11.1.8. Highlighting and formatting plain text data

You can highlight and format plain text data by the following.

Table 11.6. List of tools to highlight plain text data

package	popcon	size	keyword	description
`vim-runtime`	http://qa.debian.org/popcon.php?package=vim-runtime	22298	highlight	Vim MACRO to convert source code to HTML with "`:source $VIMRUNTIME/syntax/html.vim`"
`cxref`	http://qa.debian.org/popcon.php?package=cxref	1115	c→html	converter for the C program to latex and HTML (C language)
`src2tex`	http://qa.debian.org/popcon.php?package=src2tex	1968	highlight	convert many source codes to TeX (C language)
`source-highlight`	http://qa.debian.org/popcon.php?package=source-highlight	1939	highlight	convert many source codes to HTML, XHTML, LaTeX, Texinfo, ANSI color escape sequences and DocBook files with highlight (C++)
`highlight`	http://qa.debian.org/popcon.php?package=highlight	726	highlight	convert many source codes to HTML, XHTML, RTF, LaTeX, TeX or XSL-FO files with highlight (C++)
`grc`	http://qa.debian.org/popcon.php?package=grc	232	text→color	generic colouriser for everything (Python)
`txt2html`	http://qa.debian.org/popcon.php?package=txt2html	296	text→html	text to HTML converter (Perl)
`markdown`	http://qa.debian.org/popcon.php?package=markdown	96	text→html	markdown text document formatter to (X)HTML (Perl)
`asciidoc`	http://qa.debian.org/popcon.php?package=asciidoc	3165	text→any	AsciiDoc text document formatter to XML/HTML (Python)
`python-docutils`	http://qa.debian.org/popcon.php?package=python-docutils	1548	text→any	ReStructured Text document formatter to XML (Python)
`txt2tags`	http://qa.debian.org/popcon.php?package=txt2tags	1152	text→any	document conversion from text to HTML, SGML, LaTeX, man page, MoinMoin, Magic Point and PageMaker (Python)
`udo`	http://qa.debian.org/popcon.php?package=udo	556	text→any	universal document - text processing utility (C language)
`stx2any`	http://qa.debian.org/popcon.php?package=stx2any	484	text→any	document converter from structured plain text to other formats (m4)
`rest2web`	http://qa.debian.org/popcon.php?package=rest2web	576	text→html	document converter from ReStructured Text to html (Python)
`aft`	http://qa.debian.org/popcon.php?package=aft	259	text→any	"free form" document preparation system (Perl)
`yodl`	http://qa.debian.org/popcon.php?package=yodl	409	text→any	pre-document language and tools to process it (C language)
`sdf`	http://qa.debian.org/popcon.php?package=sdf	1414	text→any	simple document parser (Perl)
`sisu`	http://qa.debian.org/popcon.php?package=sisu	9149	text→any	document structuring, publishing and search framework (Ruby)

11.2. XML data

The Extensible Markup Language (XML) is a markup language for documents containing structured information.

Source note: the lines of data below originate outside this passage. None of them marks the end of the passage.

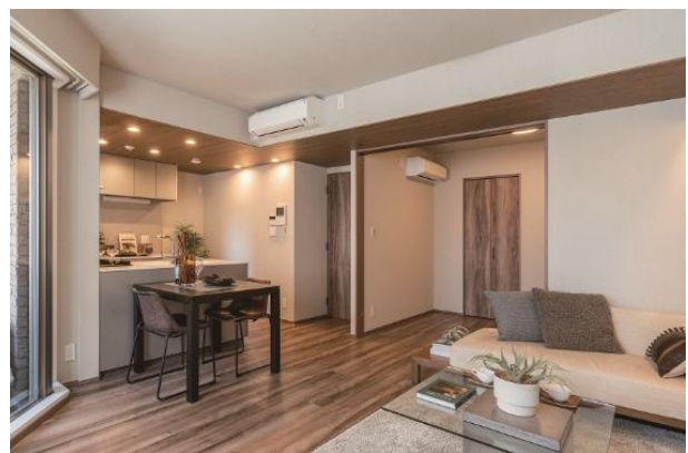
リノベーション後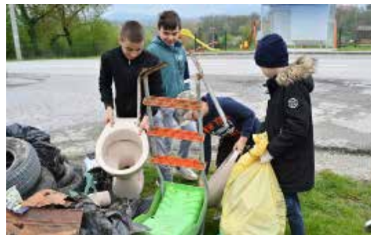
Ostvaren je plan - očišćeno je cijelo naselje

Ribić Breg se nakon Zelene čistke pretvorio u zeleni breg, a njegova posebnost je i ove godine u činjenici da je broj uključene djece bio veći od broja odraslih mještana. U akciji je, naime, sudjelovalo 16-ero djece i desetero odraslih. Izvršna je to najava i stečena navika za buduće akcije, ali i za dobru eko budućnost naselja.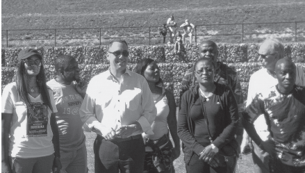
Ilustração 02 – Photo de la présidente d'association, en présence du Bourgmestre et de la représentante de l'ambassade du Cameroun.

Ils viennent me chercher parce qu'ils savent qu'avec mon réseau, leur événement sera diffusé partout. Comme j'ai des accords avec la chaîne nationale pour leur émission du matin, des sites Internet comme camer.be et même ma plate-forme Youtube. L'image là, c'est quelque chose qui est important. Quand ça passe, ils reçoivent des coups de fil de partout, on connaît leur événement. Et puis les familles de ceux qui y participent ou y assistent ont une occasion de les voir. Souvent des gens qui me reconnaissent viennent me dire "tu es trop fort! Les gens m'ont appelé du pays, des États-Unis, pour me dire qu'ils m'ont vu à la télé". C'est important, qu'on les voie à la télévision, et beaucoup me sollicitent pour leur proposer des médias quand ils rentrent au pays.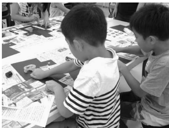
6ページ 箱カメラを作ってみよう講座

■乳幼児と保護者の講座・事業は18～20ページの保育・教育のコーナーもご覧ください。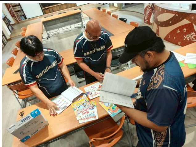
三至六年級英語科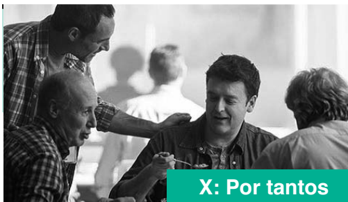
X: Por tantos

EMPUJADOS POR EL ESPÍRITU: “AQUÍ ESTOY, ENVÍAME”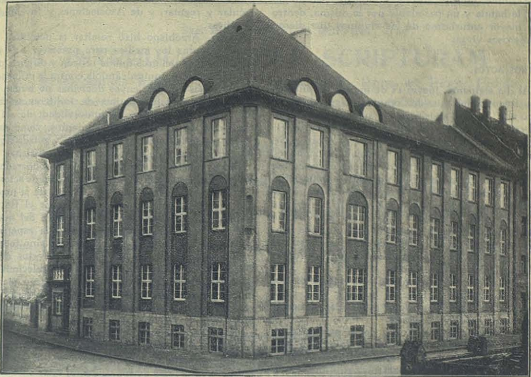
Bamberg (Baviera) — Nueva Casa Salesiana y personalidades que asistieron a la inaugurac.ón.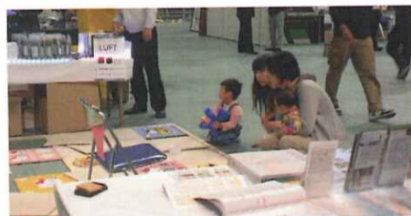
注目！？人気キャラのタイルカーペット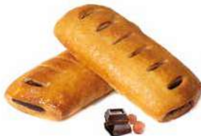
298 | cannolo crema di nocciole e cacao magro PESO 80 g - 50 PZ. PER CONFEZIONE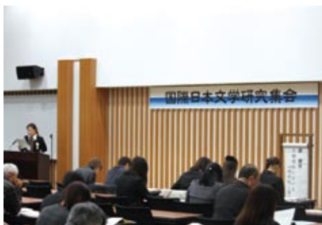
ショートセッション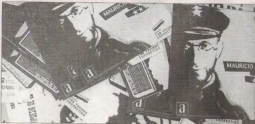
►► Una imagen de las micros santiaguinas .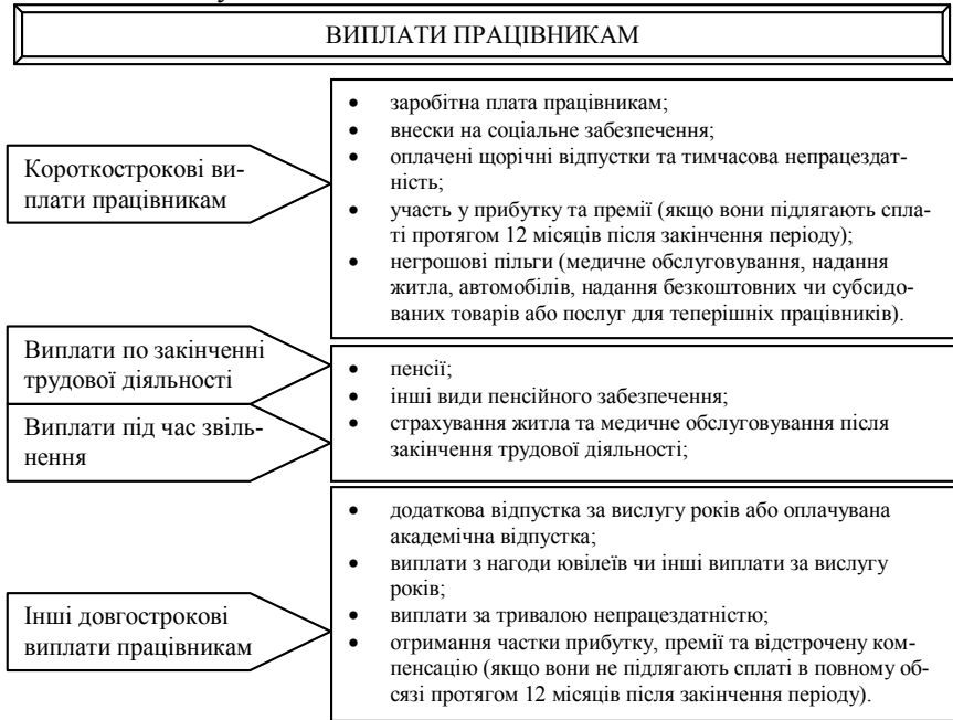
Рис. 1. Структура виплат працівникам підприємств відповідно до МСБО 19 «Виплати працівникам»

роботу, обчислюються за теперішньою вартістю з використанням ставки дисконту.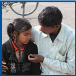
Yaşamları Dönüştürmek için LCIF'in Muhteşem Olduğu Dört Yol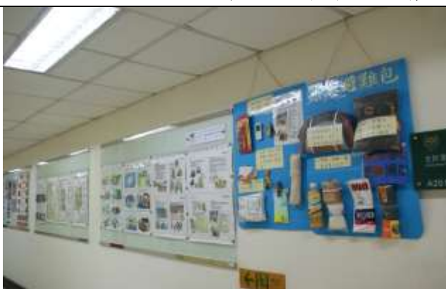
緊急避難包及災害防制文宣海報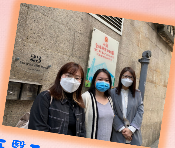
牙醫到校為幼兒檢查 牙齒，並與校長交流 護齒的方法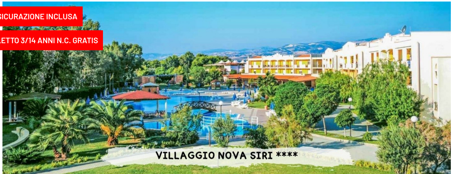
VILLAGGIO NOVA SIRI ****

quote a persona in pensione completa con soft all inclusive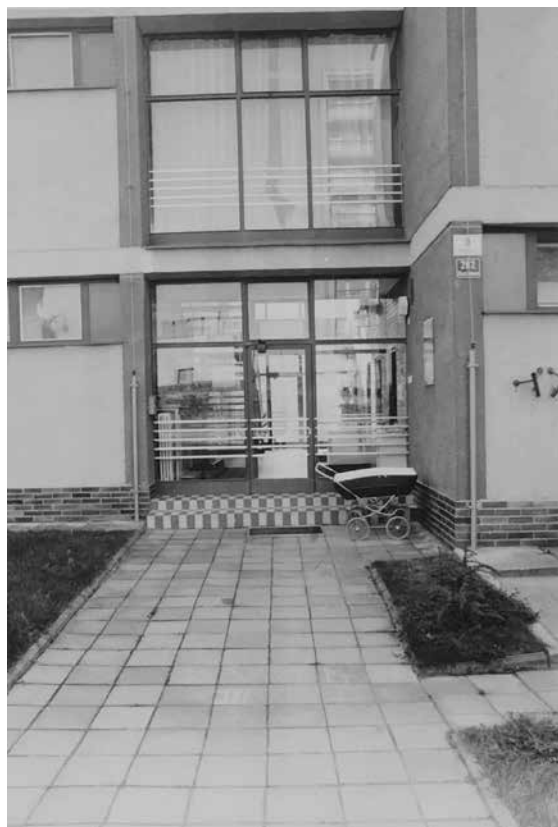
Obr. 2: Fotografická dokumentace pořízená na místě činu vyšetřujícími orgány – vchod do budovy jeslí, kde se celý incident odehrál, říjen 1985 (ABS, f. Správa vyšetřování StB – vyšetřovací spisy Brno, arch. č. V-14660 BN, 2. svazek, č. listu 283)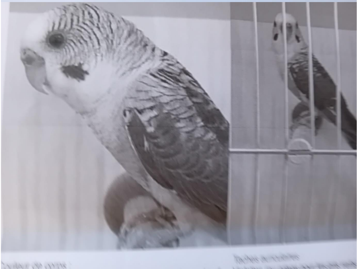
Exhibitor de 1978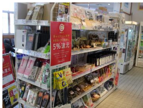
〔多くの特産品や土産品を揃える〕

や菓子店の既存商品のパッケージを改良し、土産品にする等、商品開発を行うことができた。これも商工会が運営する強みの一つだった。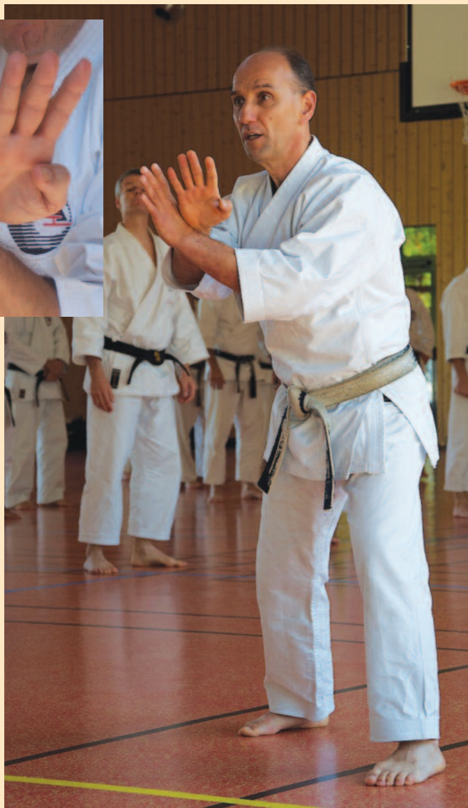
Tengu-no-kamae, à la fois garde (protection de soi) et mise en garde (élément de communication avec la menace).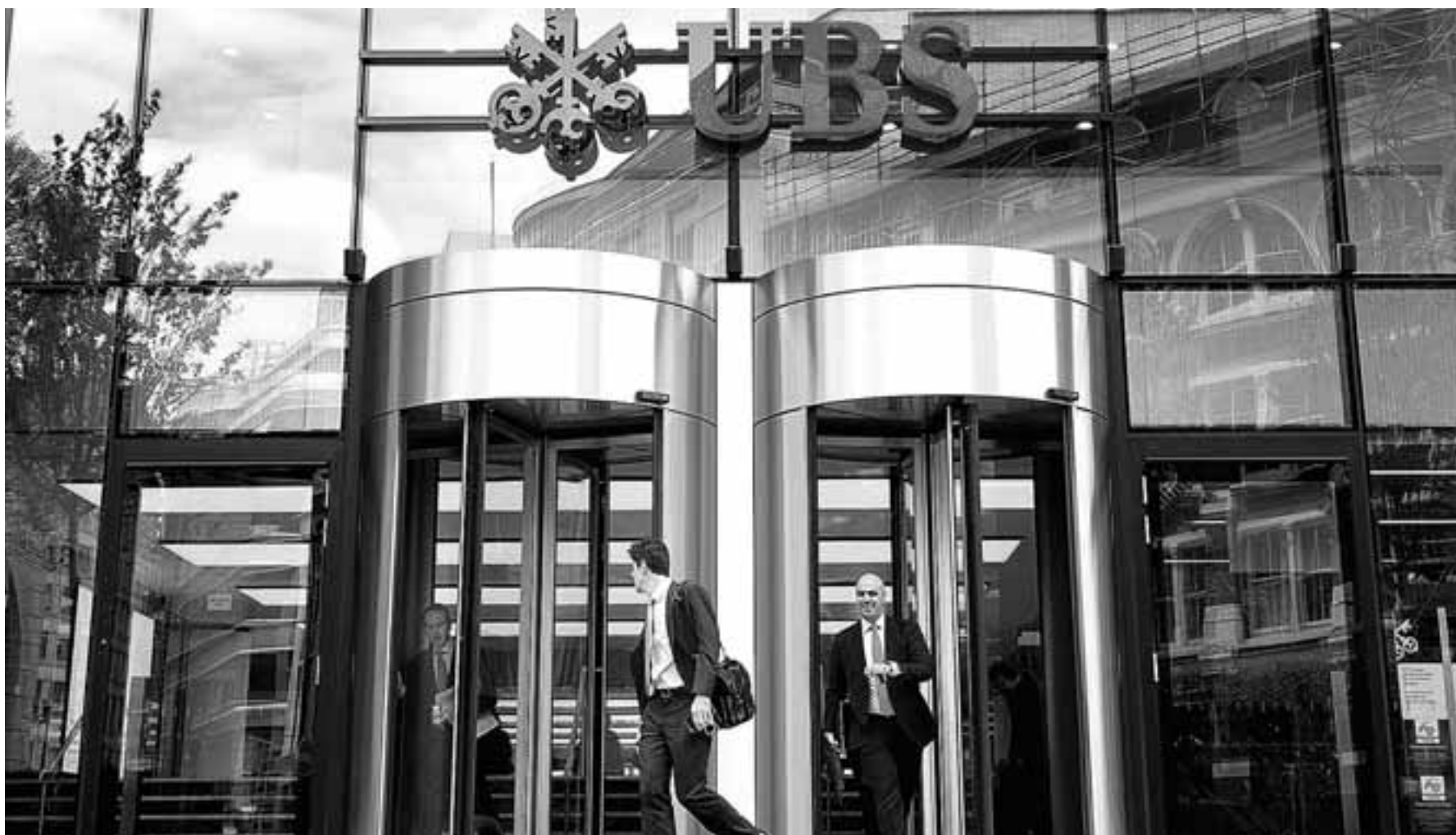
Η UBS θεωρεί πως το πρώτο τρίμηνο το ΑΕΠ της Ευρωζώνης θα μειωθεί κατά 0,4%, ενώ η προηγούμενη εκτίμησή της μιλούσε για ανάπτυξη 2,4%.

Οι οικονομολόγοι του Bloomberg προβλέπουν, άλλωστε, πως η οικονομία της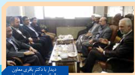
دیدار با دکتر باقری معاون بین الملل بعثه مقام معظم رهبری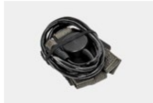
Auriculares VX1/VXT1 Ref. 2903170320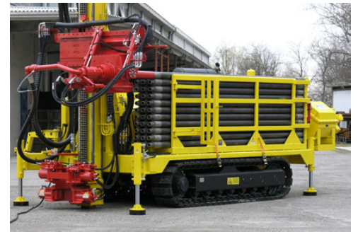
Caricatore aste Pipe loader Chargeur de tiges Bohrgestänge-lader Cargador de barras Автопогрузчик штанг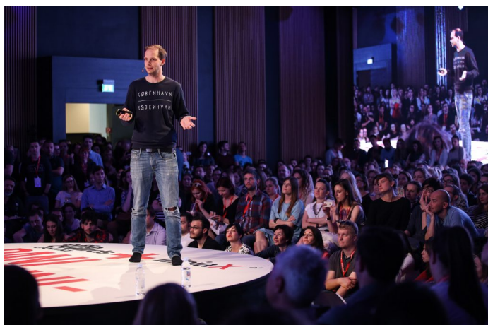
Peter Sunde

Pričajući o samim začecima njegovog digitalnog aktivizma i pokretanja ovog torentskog portala, podijelio je s nama korisnu tajnu koji je naučio na teži način, tijekom boravka u zatvoru. A to je, ako pokušavate napraviti nešto što drugačije, proglasite to religijom i morat će se poštivati! Na krilima ideje kolaborativnog sudjelovanja u digitalnom svijetu te voljom za suprotstavljanjem nametnutom mainstreamu, Sunde je pokrenuo “religiju” Kopimism . Kopimisti vjeruju u “kopyacting”, bezuvjetno dijeljenje digitalnog sadržaja.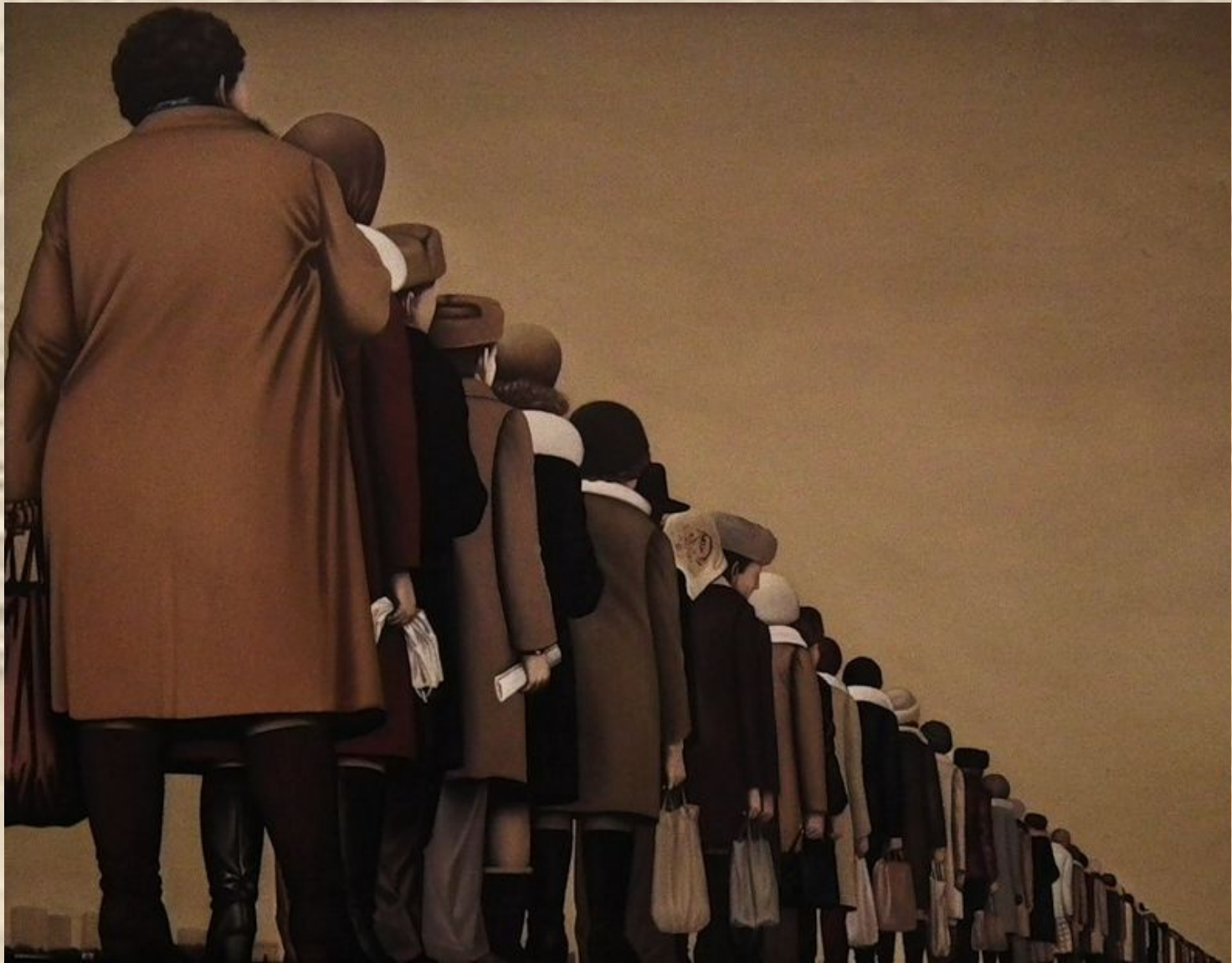
А. Сундуков, Очередь, 1986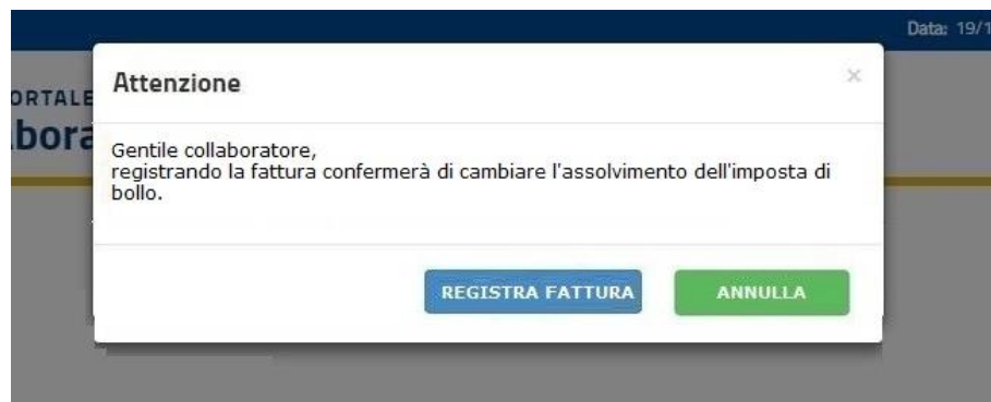
Figura 8: Conferma registra fattura

Inoltre, le stampe della fattura che vengono generate in seguito al click su REGISTRA FATTURA avranno la corrispettiva indicazione in caso di presenza di imposta di bollo (si vedano Figura 9 e Figura 10).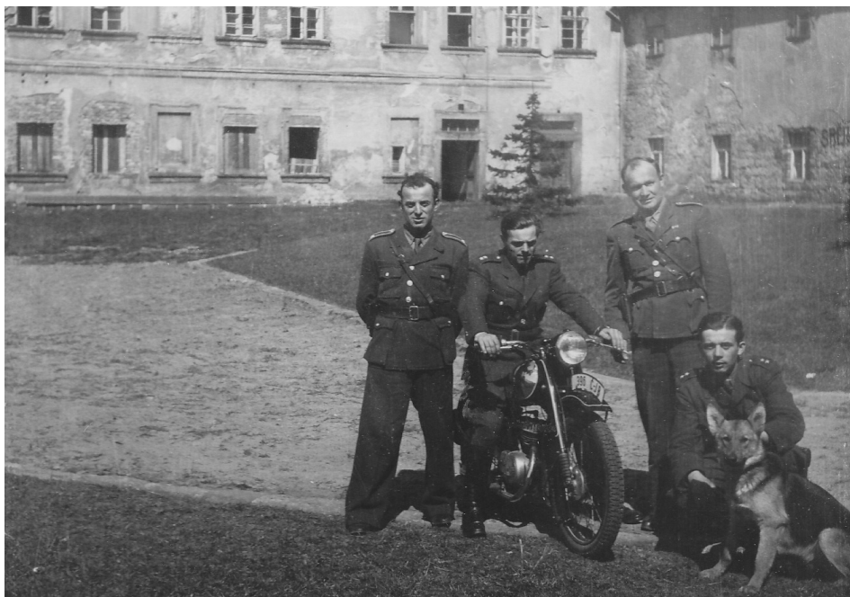
17 | Skupina členů SNB v pohraničí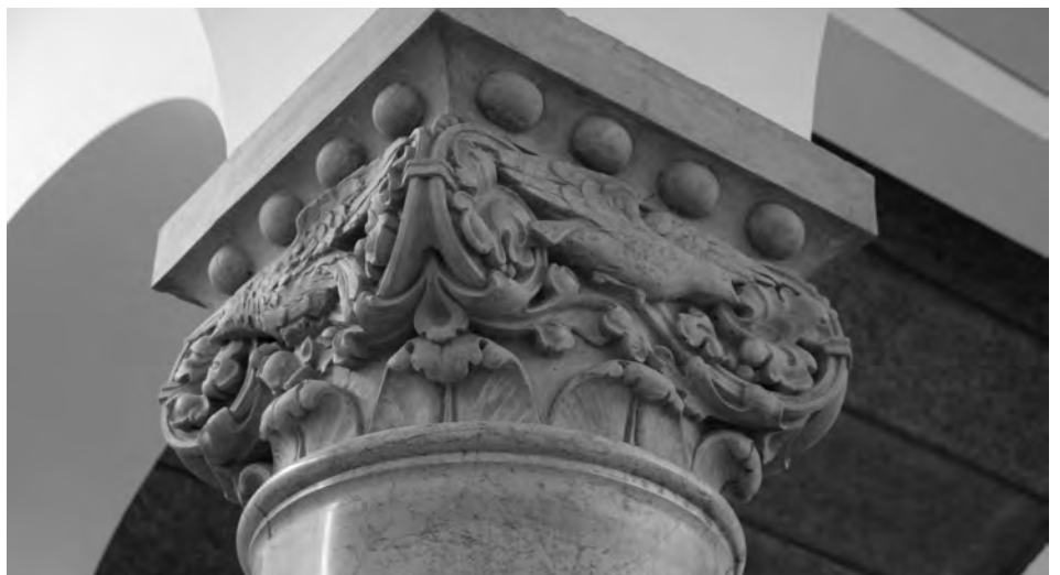
...und restaurierte Details des Altbaus.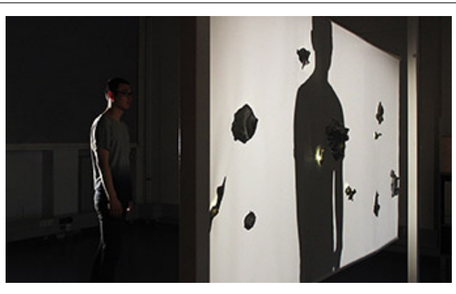
<作品名>_3D印刷, 作者名, LED_2014

この作品は、視覚と聴覚の両方から情報を得ることで、異なる視点から世界を捉えることを目指している。視覚的な要素と聴覚的な要素を組み合わせることで、観客は作品の世界をより深く理解し、体験することができる。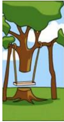
系統分析師所設計的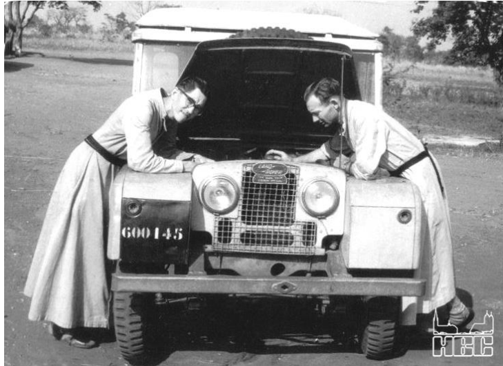
Reparatie van de jeep

See introductory information at XML.COM.

11.2.1. Basic hints for XML

XML text looks somewhat like HTML. It enables us to manage multiple formats of output for a document. One easy XML system is the docbook-xsl package, which is used here.

Each XML file starts with standard XML declaration as the following.

<?xml version="1.0" encoding="UTF-8"?>

The basic syntax for one XML element is marked up as the following.

<name attribute="value">content</name>

XML element with empty content is marked up in the following short form.

<name attribute="value"/>

The "attribute="value"" in the above examples are optional.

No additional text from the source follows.